Владимир Измайлов «Селиванов»

Очень уже давно скучал Селиванов. Из деревни от отца, матери и молодой жены Домнушки два месяца не было никаких вестей. В казарму, где жил Селиванов, не всегда проникали сведения о том, что творится в разных губерниях. Но то общее, тревожное и ужасное, что переживает сейчас голодная деревня, наполняло своим смутным, но тяжелым кошмаром и огромные, невзрачные казенные своды казармы…

В этой казарме почти все солдаты были из деревень, почти все оставили там, в грустных равнинах с лесами, перелесками, холмами и извилистыми речушками самое дорогое, заветное — свои семьи, свою юность, свои немудрые деревенские песни, сказки и были, свои мечты…
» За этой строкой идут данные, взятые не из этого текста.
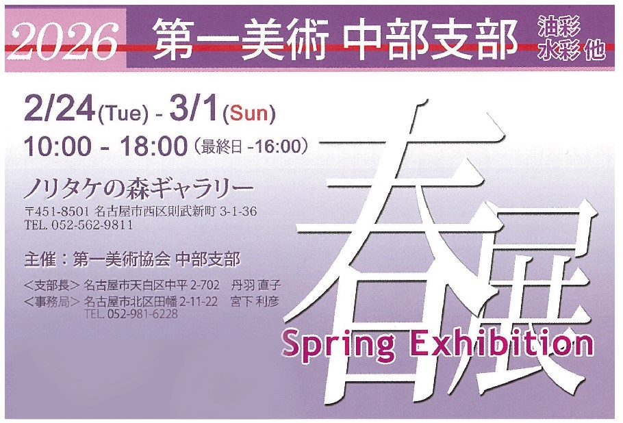 毎年恒例となったノリタケの森ギャラリーでの春展は、第一美術の中部支部の支部員と研究員による50号から小品までの自由な形の展覧会です。それぞれが日頃より感じたものを感じたままに描いたバラエティ豊かな作品を楽しんでいただけると思います。 さぁ今年も!という意気込みをご覧ください。 主催:第一美術協会 中部支部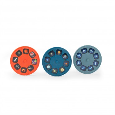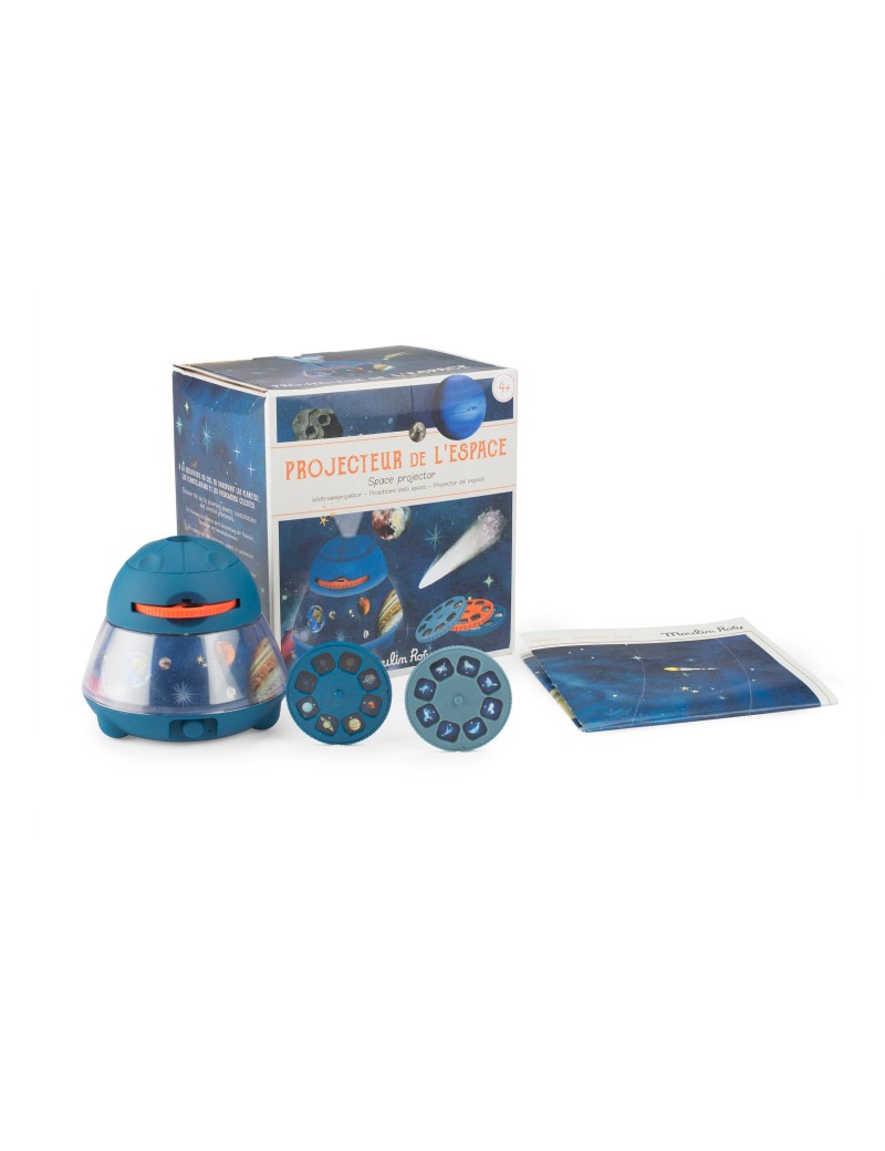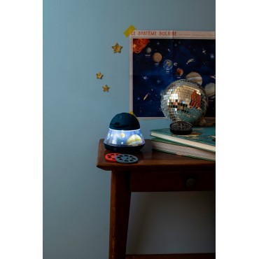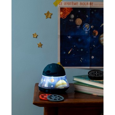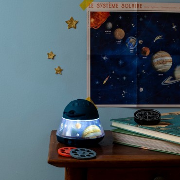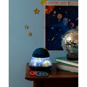 Le grand projecteur de l'espace permet de projeter planètes, constellations et comètes au mur ou au plafond. Avec ses 3 disques de 8 diapositives, l'enfant pourra découvrir le monde spatial ! Il se recharge via USB. Poster et livret d'instructions inclus.

И то общее, тревожное и ужасное, чем живет сейчас деревня, наполняя желтые казарменные своды, вползало в души солдат, щипало сердца, будило самые разноречивые, но неизменно-жгучие и тяжелые думы, похожие на бред лихорадочно-больного.

Ивановка, деревня Селиванова, была в Саратовской губернии. И Селиванов знал, что в Ивановке были беспорядки. Мужики пошли в господский лес и стали рубить деревья. Прислали роту солдат. И солдаты «усмирили» мужиков.

Все это знал Селиванов.

Он отлично помнил и ясно представлял себе походку, выговор, цвет глаз, жесты каждого из земляков от самого старого до самого малого.

И теперь все бывшее, деревенское было ему особенно мило, дорого.

Ушедший от родной деревни на несколько сот верст, не видя ее почти полтора года, Селиванов забыл все неприятности, все мелкие и крупные обыденные ссоры и обиды, и в тоскующем сердце его выросла любовь ко всем, кто там вдали от него продолжает нести на натруженных плечах своих крест мужицкой жизни.

В ту минуту, когда Селиванов узнал о «бунте», что-то острое и сильное вонзилось в его сердце, и сердце мучительно заныло… И страстно захотелось на каком-нибудь сказочном ковре-самолете в один миг перелететь те сотни верст, что отделяли его от родной покривившейся, темной, занесенной снегом, хаты.

Ночью вся казарма спала, но Селиванов не мог уснуть. Мысли путались в разгоряченном мозгу, но всегда неизменно останавливались на одной самой светлой точке его жизни — красивой, сильной, здоровой бабе Домнушке.

«Уж не пошла ли она с мужиками? — думал он, с тоской всматриваясь в полумрак казармы широко открытыми глазами. — А понятное дело, что главный коновод всему — Спирька, дерзкий, смелый мужик… Раз мы, когда еще парнями были, подралися из-за Груняхи… А жива ли Груняха?.. Спирька, Спирька… лицо у тебя оспенное, нижняя губа рассечена… а душа у тебя — железная…»

И снова, точно живая, вставала в воображении Селиванова высокая, сильная, полногрудая фигура голубоокой Домнушки.

«Тоже смела… За мужика ответит… Только, кажись, и боится, что щекотки одной. И силушка! Щекотнешь в ночную пору — ухватит плечи, ровно клещами, прижмет к изголовью и — что хошь — не двинется… Ах ты, Господи! Захохочет — откинет башку, из глаз — искры!..»

И вдруг, точно кто костистыми, твердыми, как сталь, пальцами сжимал сердце Селиванова и тогда он порывисто садился, сбрасывая грубое серое одеяло и судорожно сжимал виски руками.

Словно молния, прорезала мозг ужасная мысль и рябило в глазах, а из высоко поднявшейся груди вылетал звук, похожий на тихий сдавленный стон…

— Сказывают, бывает так, что и баб порют!

Казарма спала, и ночной красновато-желтый от маленькой висячей лампочки полумрак, в котором там и сям притаились темные тусклые тени, кишел легкими спокойными звуками дыхания спящих, и в этом однообразно-тихом гуле выделялись лишь храпение и неожиданно брошенные бессвязные слова сонного бреда.

Казарма спала, но Селиванову она казалась порою наполненной тихо, но беспокойно реющими тенями ночи и сна, возбужденными и страстно нашептывающими в уши спящих какие-то странные были.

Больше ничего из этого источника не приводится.